*Problem requirements*
An exact repetition of the data below, without images, is the expected answer.

*Dataset excerpt*
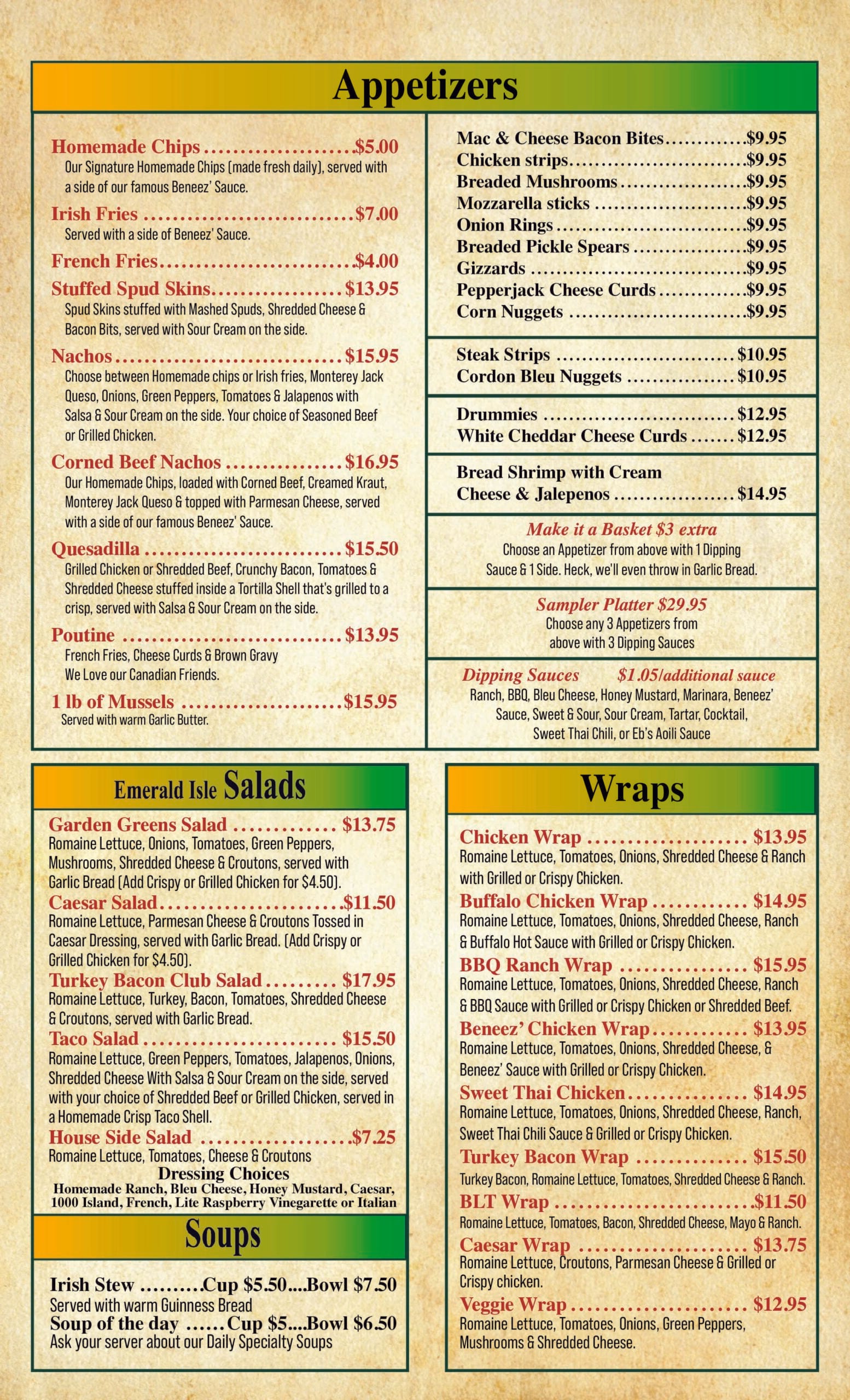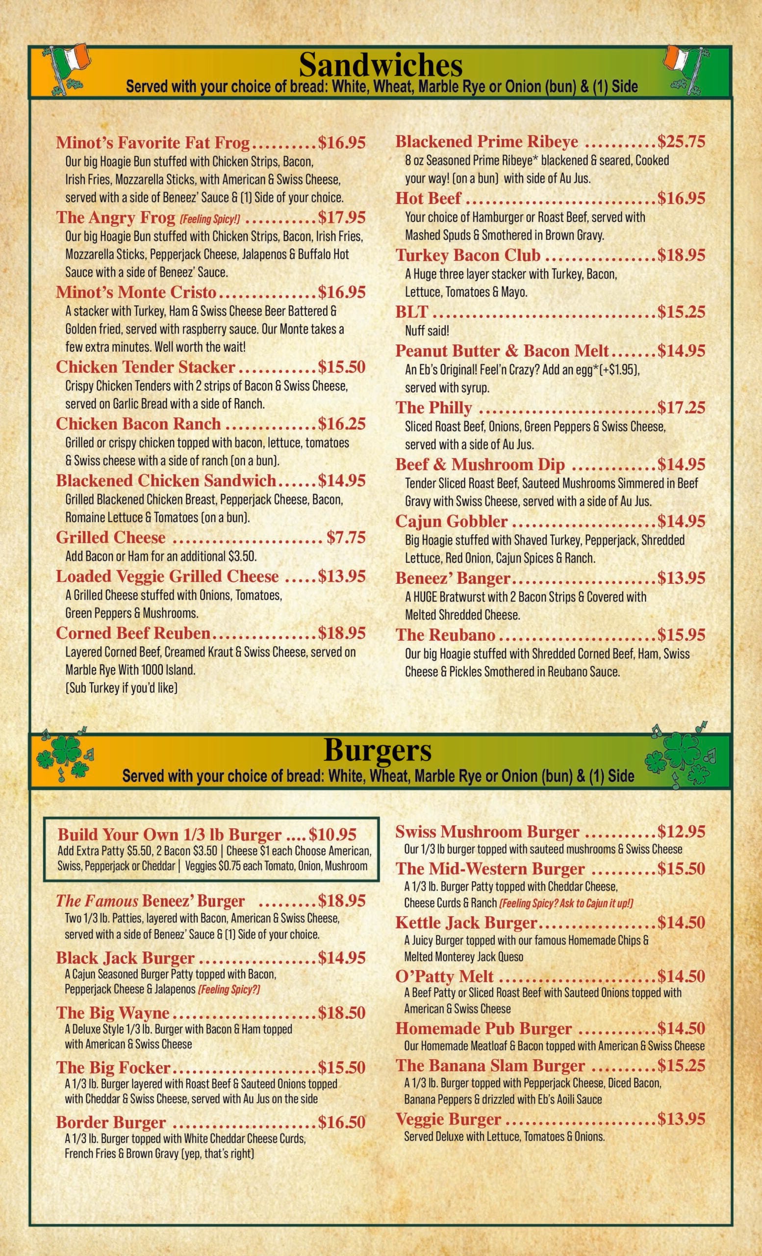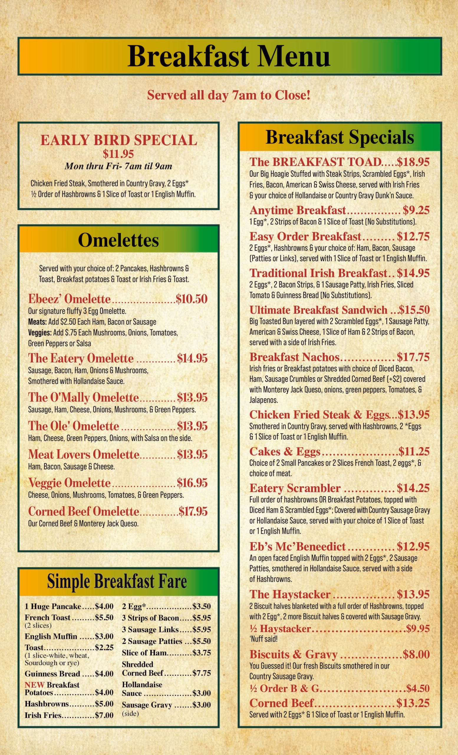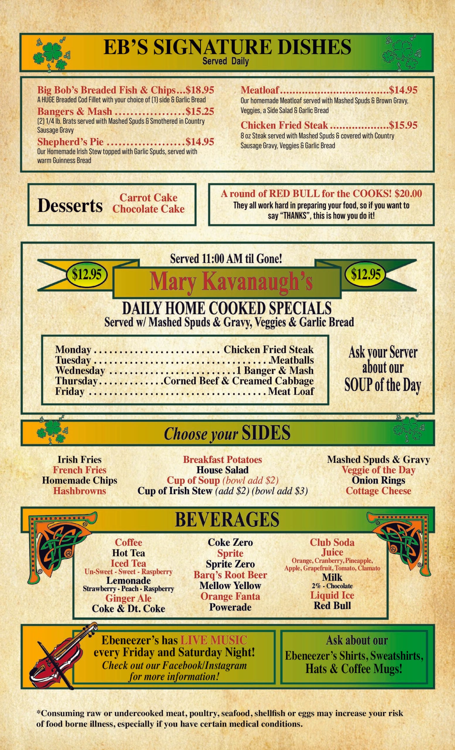 Ebeneezer's Menu
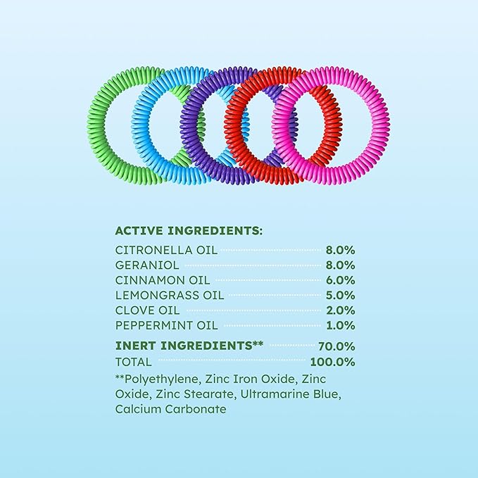 - Natural Plant Ingredients & DEET-Free Our mosquito bracelets are made with Geraniol Oil, Lemongrass Oil, and Citronella Oil, offering a natural and DEET-free mosquito repellent solution. Keep your family safe with effective protection from mosquito bites.
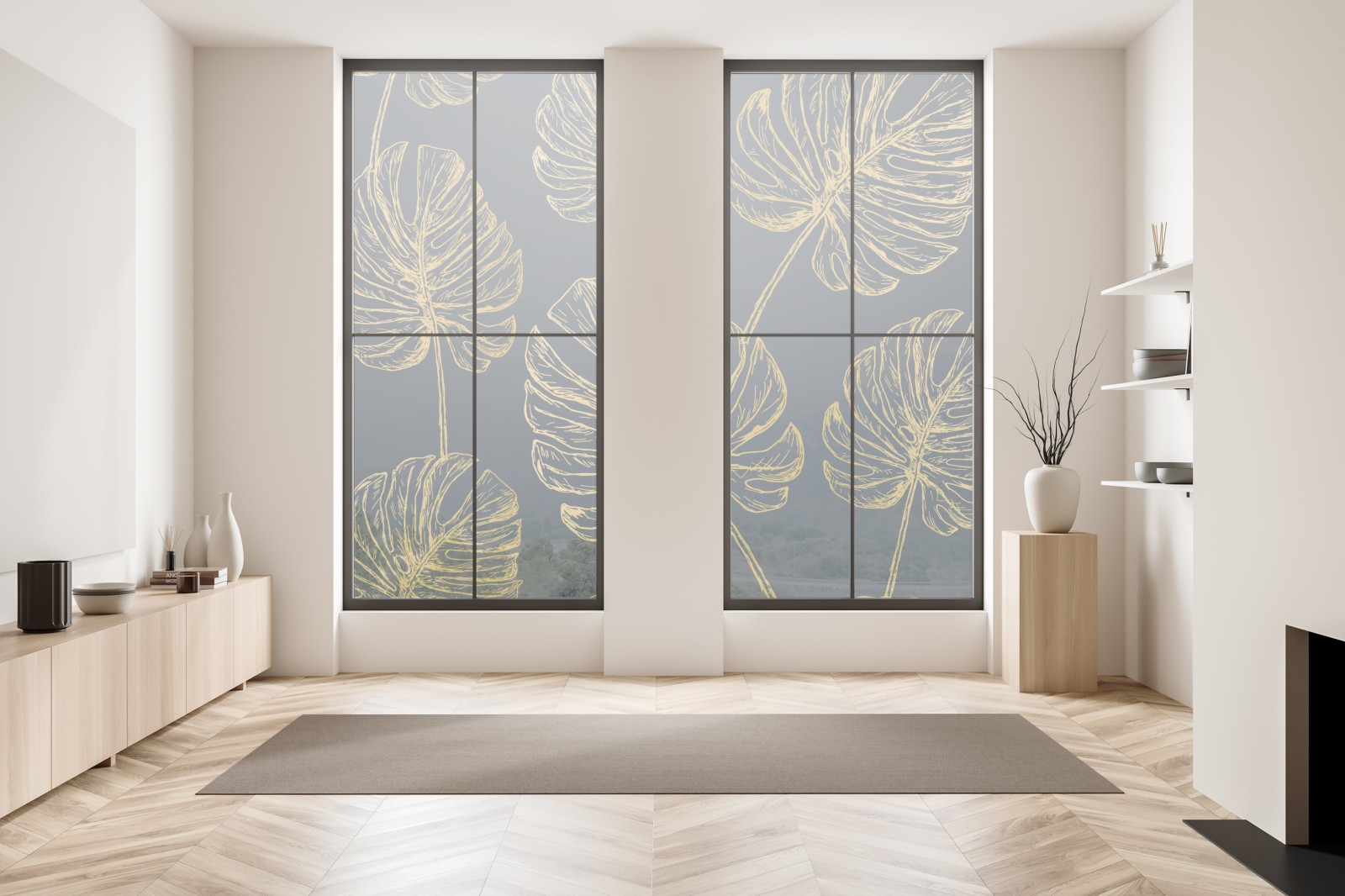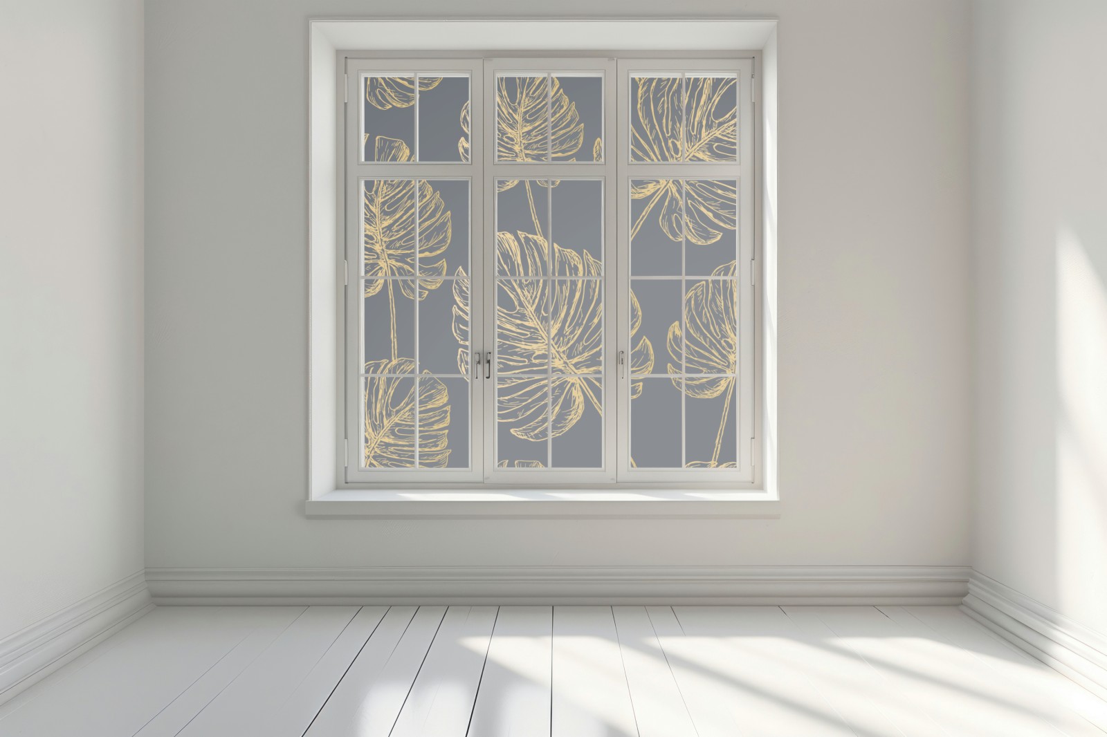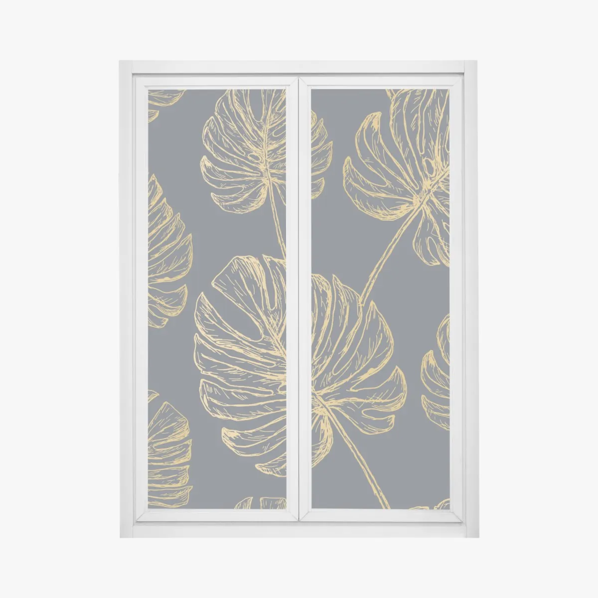 Fensteraufkleber goldene monstera-blätter auf dunklem hintergrund

*Solved problem*
 Ebeneezer's Menu
 - Natural Plant Ingredients & DEET-Free Our mosquito bracelets are made with Geraniol Oil, Lemongrass Oil, and Citronella Oil, offering a natural and DEET-free mosquito repellent solution. Keep your family safe with effective protection from mosquito bites.
 Fensteraufkleber goldene monstera-blätter auf dunklem hintergrund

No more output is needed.